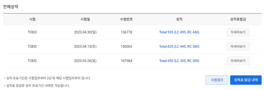3일 공부한 첫시험은 655점 이었고 20일 정도 후 치른 시험 825점 이었으며 취소하지 않고 추가로 본 15일 이후의 시험은 935점 이었다.
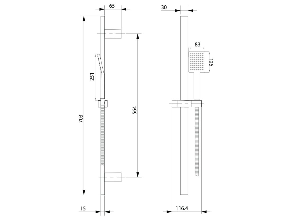 Sapho Sprchová souprava hranatá, posuvný držák 700mm, černá mat SC615
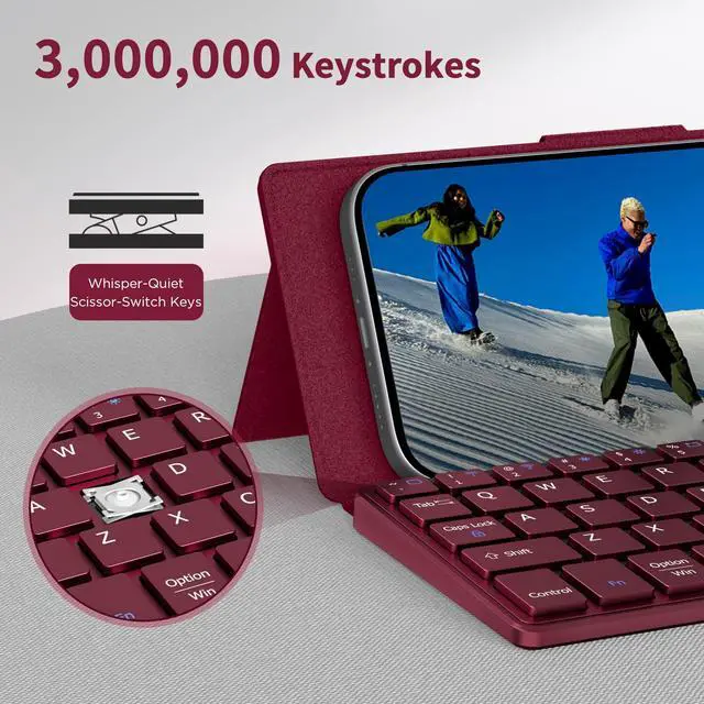 CACOE Wireless Keyboard with Stand, Mini Keyboard for Cell Phone, Ultra-Slim Portable, Foldable, Dual-Channel QWERTY with Stand Holder for Smartphone and More iOS Android Windows, Wine Red
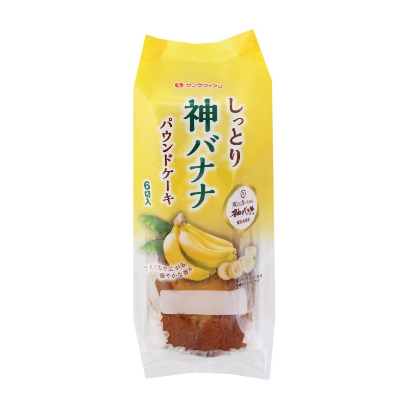 神バナナペーストを生地に練り込み、しっとりと焼き上げたパウンドケーキ。ひと口ごとに、神バナナならではの豊かな香りと上品な甘みが広がります。大人から子どもまで楽しめる、やさしい味わいに仕上げました。
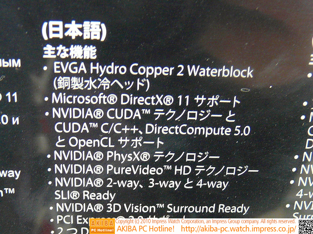 ![]() | AKIBA PC Hotline! 2010年12月25日号 [拡大画像]水冷のGTX 580が発売に、1スロット仕様 今週見つけた新製品:ビデオカード EVGA GeForce GTX 580 FTW Hydro Copper 2(015-P3-1589-KR) |
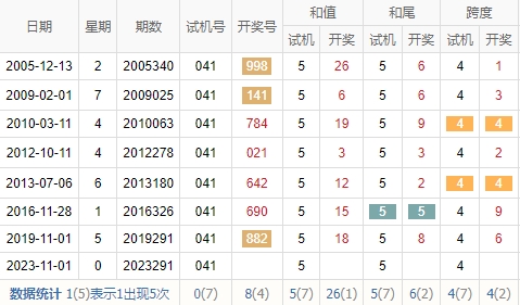 期数 | 试机号 | 关注码 | 金码 | 对应码 | 开奖号 | 出号 |
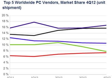 По подсчетам IDC, рынок ПК за год сократился на 6,4%, лидерство осталось за HP
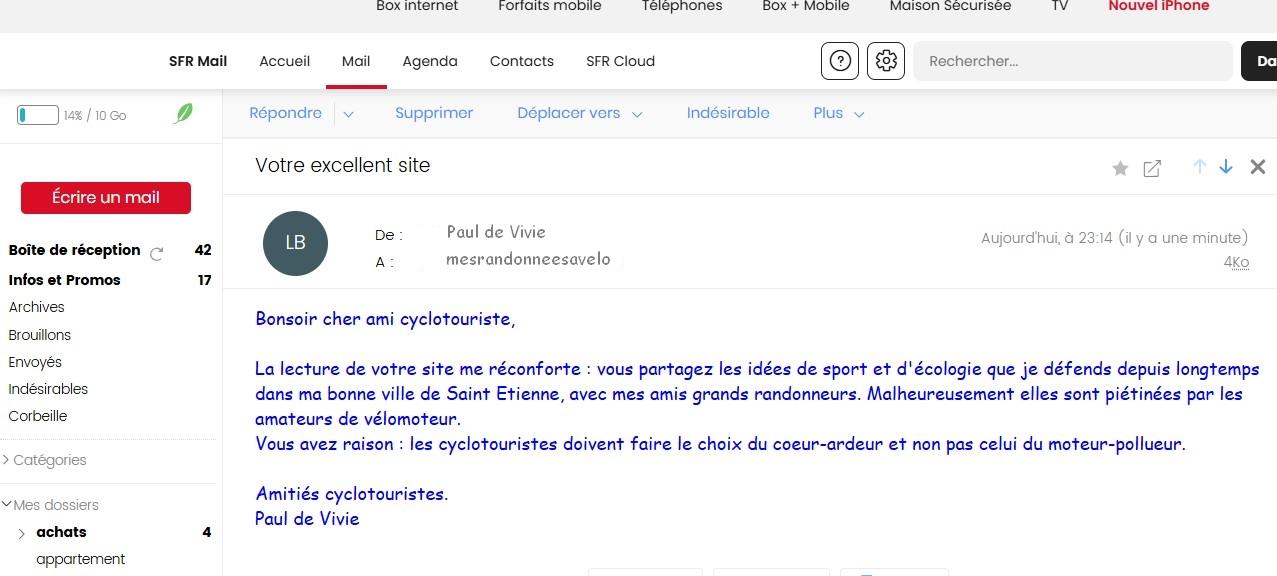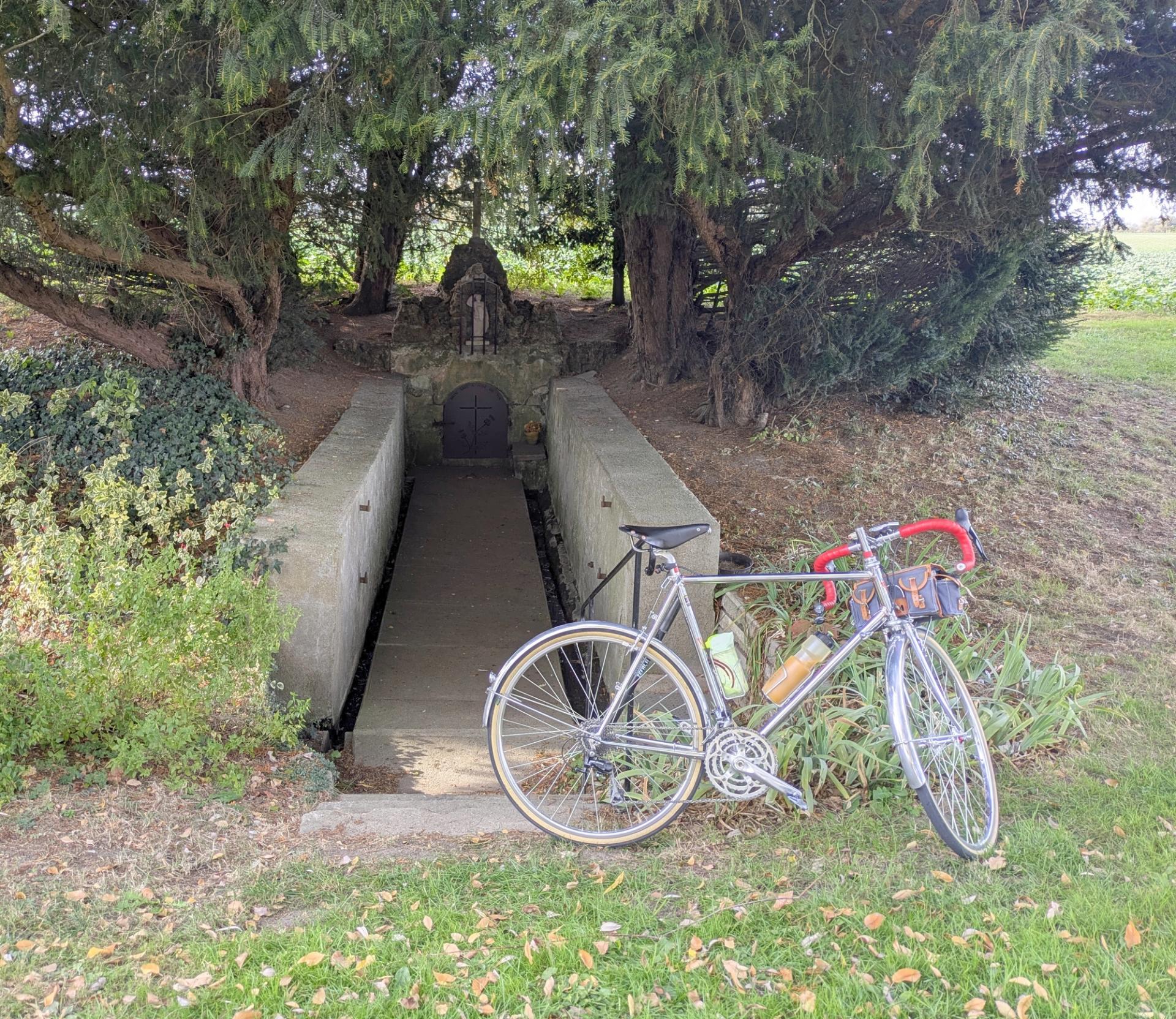Vendredi 24 octobre 2025 : parcours écourté à cause de la pluie très froide. Cyclo trempé et frigorifié. Sortie à oublier !Parmi les messages que j'ai reçus récemment il y en a un qui m'a beaucoup fait plaisir. Il m'a été envoyé par un cyclotouriste stéphanois, voici la copie d'écran :Samedi 18 octobre 2025 : je profite de la belle journée prévue pour faire le Rayon Cyclotouriste Angevin vers Bouillé-Loretz. Départ vers 10h00, il fait seulement 8°C mais dans l'après-midi la température atteindra 17°C. Suivant le conseil de l'excellent organisateur de cette randonnée permanente je fais un écart et je vais à Luigné découvrir la source de Saint Avertin. Ce saint serait donc venu à Luigné et y aurait fait jaillir une fontaine miraculeuse : Mercredi 15 octobre 2025 ; nouveau passage à Beaufort en Vallée : photo du château (ce qu'il en reste !) : Lundi 13 octobre 2025 : beau soleil devant l'église de Beaufort en Vallée :
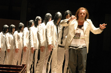 Rocksänger in kreativem Wahn Das Erstaunliche ist, dass diese unkonventionelle, bei vordergründiger Betrachtung zugegebenermaßen platt erscheinende Regie-Idee aufgeht. Jedenfalls hat der junge Regisseur David Hermann der Handlung der „Favola in Musica" keineswegs Gewalt angetan, als er den Titelhelden in Claudio Monteverdis Oper L'Orfeo im März 2005 für die Oper Frankfurt im Rocksänger-Outfit samt E-Gitarre in die Unterwelt schickte. Bei der Wiederaufnahme der Produktion im Bockenheimer Depot war eindringlich zu erfahren, wie aus dem mythisch-antiken Halbgott durch die konsequente Modernisierung ein Mensch von heute wird. Allerdings kein Durchschnittstyp, sondern ein extremer Künstler, der seine Höllenfahrt in kreativem Wahn erlebt. Umgeben ist Orfeo in Hermanns Inszenierung von einer verrückten Fan-Gemeinde, einer gesichtslosen, weiß uniformierten Masse. Diese Fans, im Original Hirten und Geister, brauchen bei ihrem eigenen Mangel an Originalität und Individualität ein Idol zum Anhimmeln, eine Projektionsfigur. Anfangs huldigen sie so ihrem Superstar. Doch drehen sie durch, als er seine Liebe ganz Euridice schenkt. Eifersüchtig und schadenfroh gönnen sie ihm sein Leid, als er von Euridices Tod erfährt und sie aus der Unterwelt herausholen will. Die einprägsamsten Szenen spielen sich am Tor zur Unterwelt und drinnen ab. Als Hades-Wächter Caronte versperrt Schlagersänger Heino (treffend kehlig-finster und roboterhaft: Magnus Baldvinsson) den Weg. Und die „Fans" begrüßen Orfeo mit Masken von Elvis Presley, John Lennon, Jimi Hendrix und anderen Rockgrößen. Alles steht und fällt aber mit der Titelfigur, der einzigen großen Partie. Christian Gerhaher ist dafür eine Idealbesetzung. Mit seinem flexiblen, lyrischen, im Umgang mit Alter Musik erfahrenen Bariton gestaltet er, wie in der Premierenserie, facettenreich und leidenschaftlich, stets stilgerecht und klar artikulierend im „recitar cantando". Zudem macht er darstellerisch deutlich, wie sich das Geschehen nur als „Trip" in seinem Kopf abspielt. Das Orchester, das in der Mitte des genial-einfachen Bühnenbilds von Christof Hetzer, eines drehbaren Holzrondells, sitzt, musiziert unter der Leitung von Studienleiter Felice Venanzoni griffig und farbenreich in historischer Aufführungspraxis. GUIDO HOLZE |

◆ REQUIRED WORK: Reproduce word for word, with pictures dropped, only the part of the material above that opens with the line containing "期数 | 试机号 | 关注码 | 金码 | 对应码 | 开奖号 | 出号 |" and closes with the line containing "Vendredi 24 octobre".

◆ ANSWER SPACE:
 期数 | 试机号 | 关注码 | 金码 | 对应码 | 开奖号 | 出号 |
 По подсчетам IDC, рынок ПК за год сократился на 6,4%, лидерство осталось за HP
Vendredi 24 octobre 2025 : parcours écourté à cause de la pluie très froide. Cyclo trempé et frigorifié. Sortie à oublier !Parmi les messages que j'ai reçus récemment il y en a un qui m'a beaucoup fait plaisir. Il m'a été envoyé par un cyclotouriste stéphanois, voici la copie d'écran :Samedi 18 octobre 2025 : je profite de la belle journée prévue pour faire le Rayon Cyclotouriste Angevin vers Bouillé-Loretz. Départ vers 10h00, il fait seulement 8°C mais dans l'après-midi la température atteindra 17°C. Suivant le conseil de l'excellent organisateur de cette randonnée permanente je fais un écart et je vais à Luigné découvrir la source de Saint Avertin. Ce saint serait donc venu à Luigné et y aurait fait jaillir une fontaine miraculeuse : Mercredi 15 octobre 2025 ; nouveau passage à Beaufort en Vallée : photo du château (ce qu'il en reste !) : Lundi 13 octobre 2025 : beau soleil devant l'église de Beaufort en Vallée :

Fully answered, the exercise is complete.